> Work instruction
Output, exactly and with no pictures, the line that contains "周六福 周六福 十二生肖黄金手链 5D硬金 足金本命年手串 定价" and every line that comes after it in the data below, the last one included.

> Supplied material
┄┄┄┄┄┄┄┄┄┄
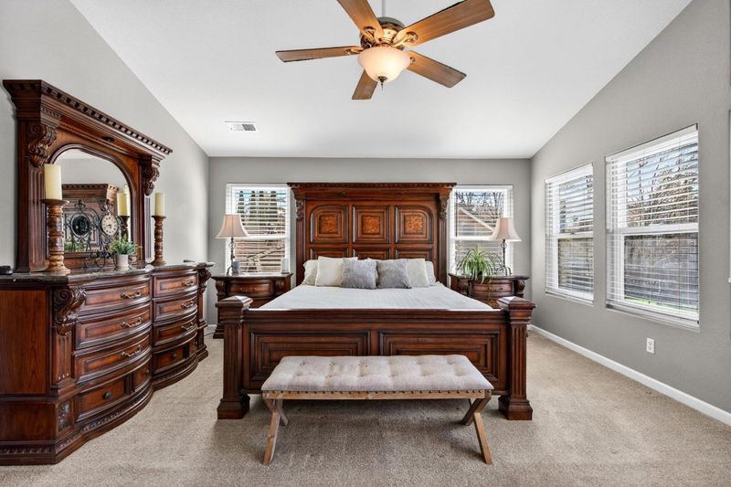 Discover unparalleled comfort in this spacious 3,250 sq ft residence, ideally situated on a tranquil cul-de-sac. This property boasts a generous 13,000+ sq ft lot, offering privacy and ample outdoor living space. The welcoming entry leads to an open-concept living area, seamlessly connecting to a modern kitchen, a separate family room, and a versatile formal dining/living space. Five bedrooms provide abundant accommodation, including a convenient downstairs guest suite with a full private bath, plus an additional guest half-bath on the main level. The tastefully updated master suite is a true sanctuary, featuring ample space for a king-size bed, a cozy fireplace, a large walk-in closet, dual sinks, and a separate tub and shower. Outside, a refreshing pool awaits, complemented by multiple seating areas and expansive yard space perfect for entertaining. An oversized driveway ensures ample parking for guests. This home is an entertainer's dream and a perfect family retreat.
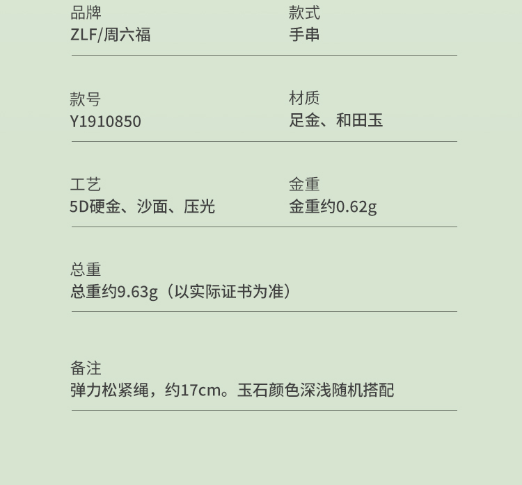 周六福 周六福 十二生肖黄金手链 5D硬金 足金本命年手串 定价
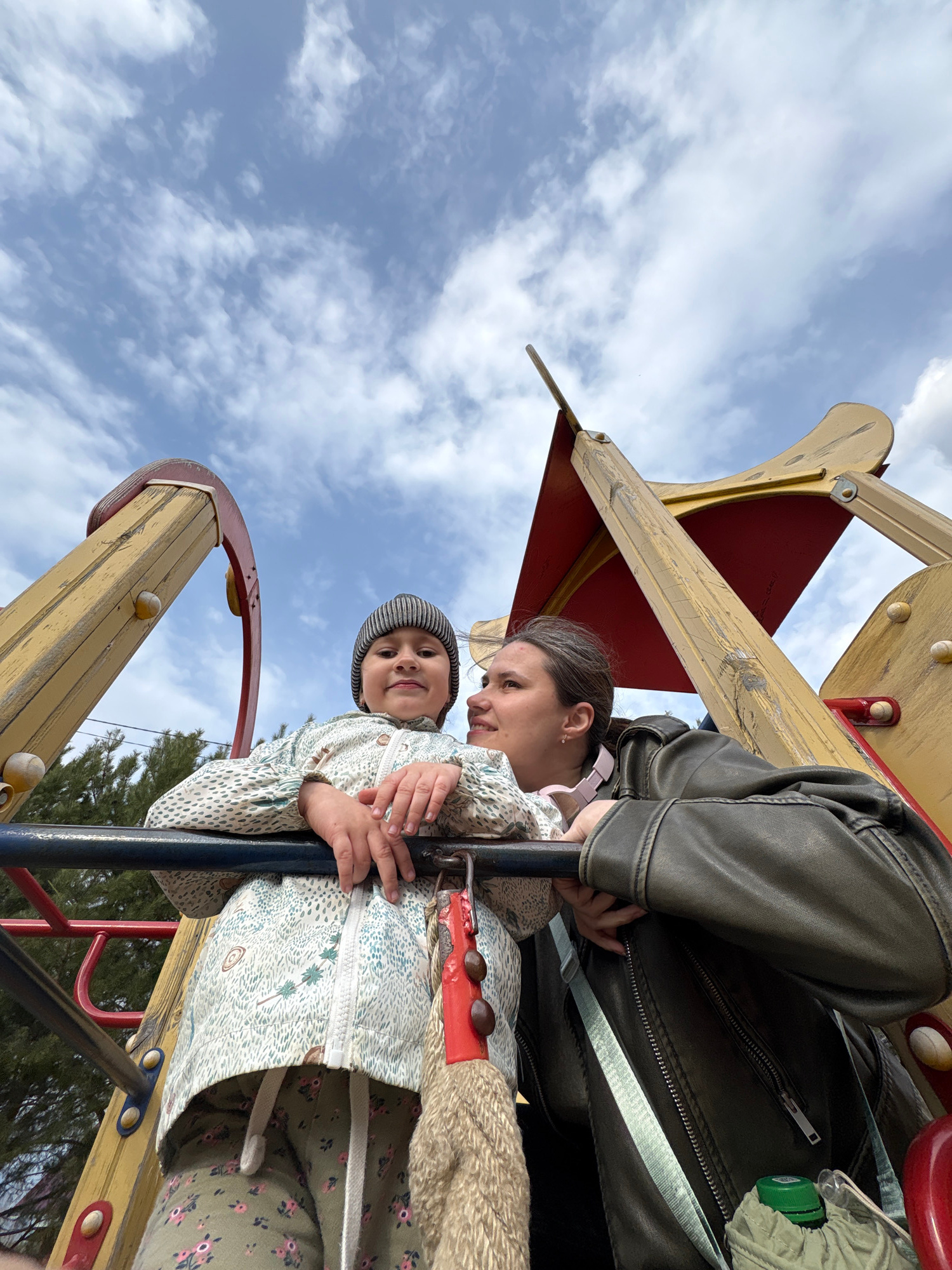 A low-angle photograph shows a woman and a child on a playground structure, possibly in Chaikovsky, Russia. The woman, wearing a dark jacket and with her hair tied back, looks toward the child. The ch…read more
┄┄┄┄┄┄┄┄┄┄
> Expected answer
 周六福 周六福 十二生肖黄金手链 5D硬金 足金本命年手串 定价
 A low-angle photograph shows a woman and a child on a playground structure, possibly in Chaikovsky, Russia. The woman, wearing a dark jacket and with her hair tied back, looks toward the child. The ch…read more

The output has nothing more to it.